Python interface to ensembl reference genome metadata

Project description

pyensembl

Python interface to Ensembl reference genome metadata (exons, transcripts, &c)

from pyensembl import EnsemblRelease

# release 77 uses human reference genome GRCh38
data = EnsemblRelease(77)

# will return ['HLA-A']
gene_names = data.gene_names_at_locus(contig=6, position=29945884)

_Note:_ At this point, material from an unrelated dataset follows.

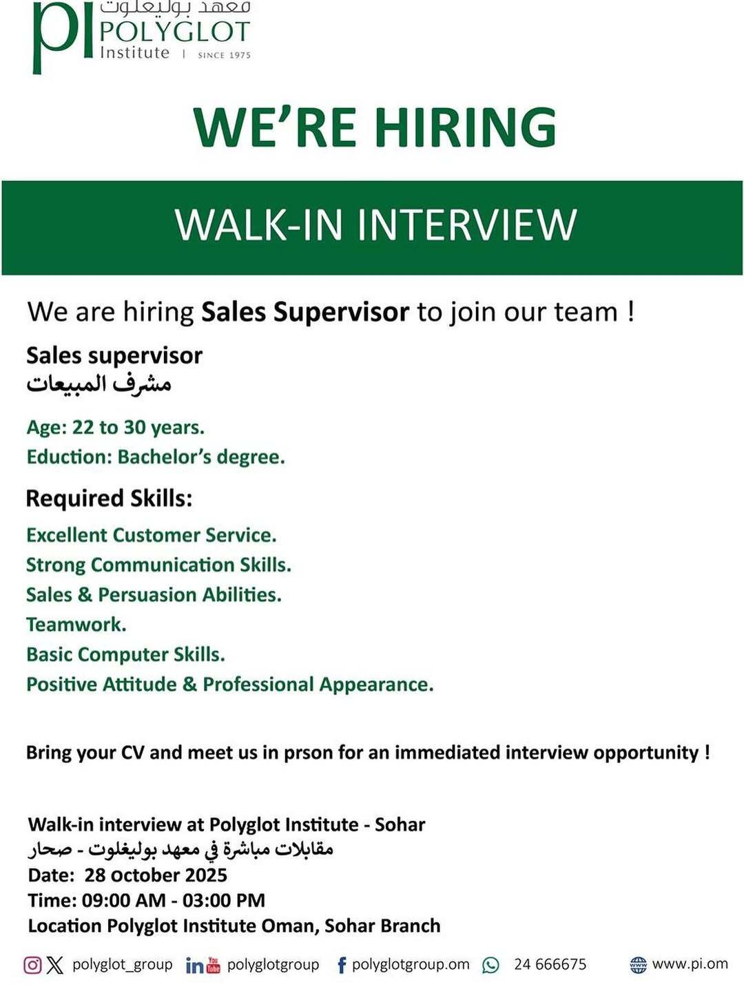 معهد بوليغلوت فرع صحار - مقابلات مباشرة لشغل وظيفة ( مشرف المبيعات )
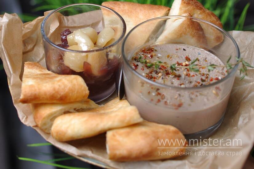 Курячий паштет, цибулевий мармелад, піта.

# get all exons associated with HLA-A
exon_ids  = data.exon_ids_of_gene_name('HLA-A')

API

The EnsemblRelease object has methods to let you access all possible combinations of the annotation features gene_name, gene_id, transcript_name, transcript_id, exon_id as well as the location of these genomic elements (contig, start position, end position, strand).

Gene Names

gene_names() : returns all gene names in the annotation database

gene_names_on_contig(contig) : all gene names on a particular chromosome/contig

gene_names_at_locus(contig, position, end=None, strand=None) : names of genes overlapping with the given locus (returns a list to account for overlapping genes)

gene_name_of_gene_id(gene_id) : name of gene with given ID

gene_name_of_transcript_id(transcript_id) : name of gene associated with given transcript ID

gene_name_of_transcript_name(transcript_name) : name of gene associated with given transcript name

gene_name_of_exon_id(exon_id) : name of gene associated with given exon ID

Gene IDs

gene_ids(contig=None, strand=None) : all gene IDs in the annotation database

gene_id_of_gene_name(gene_name) : translate Ensembl gene ID to its corresponding name

Transcript Names

transcript_names(contig=None, strand=None) : all transcript names in the annotation database

Transcript IDs

transcript_ids(contig=None, strand=None) : returns all transcript IDs in the annotation database

transcript_ids_of_gene_id(gene_id) : return IDs of all transcripts associated with given gene ID

transcript_ids_of_gene_name(gene_name) : return IDs of all transcripts associated with given gene name

transcript_id_of_transcript_name(transcript_name) : translate transcript name to its ID

transcript_ids_of_exon_id(exon_id) : return IDs of all transcripts associatd with given exon ID

Exon IDs

exon_ids(contig=None, strand=None) : returns all transcript IDs in the annotation database

exon_ids_of_gene_id(gene_id)

exon_ids_of_gene_name(gene_name)

exon_ids_of_transcript_name(transcript_name)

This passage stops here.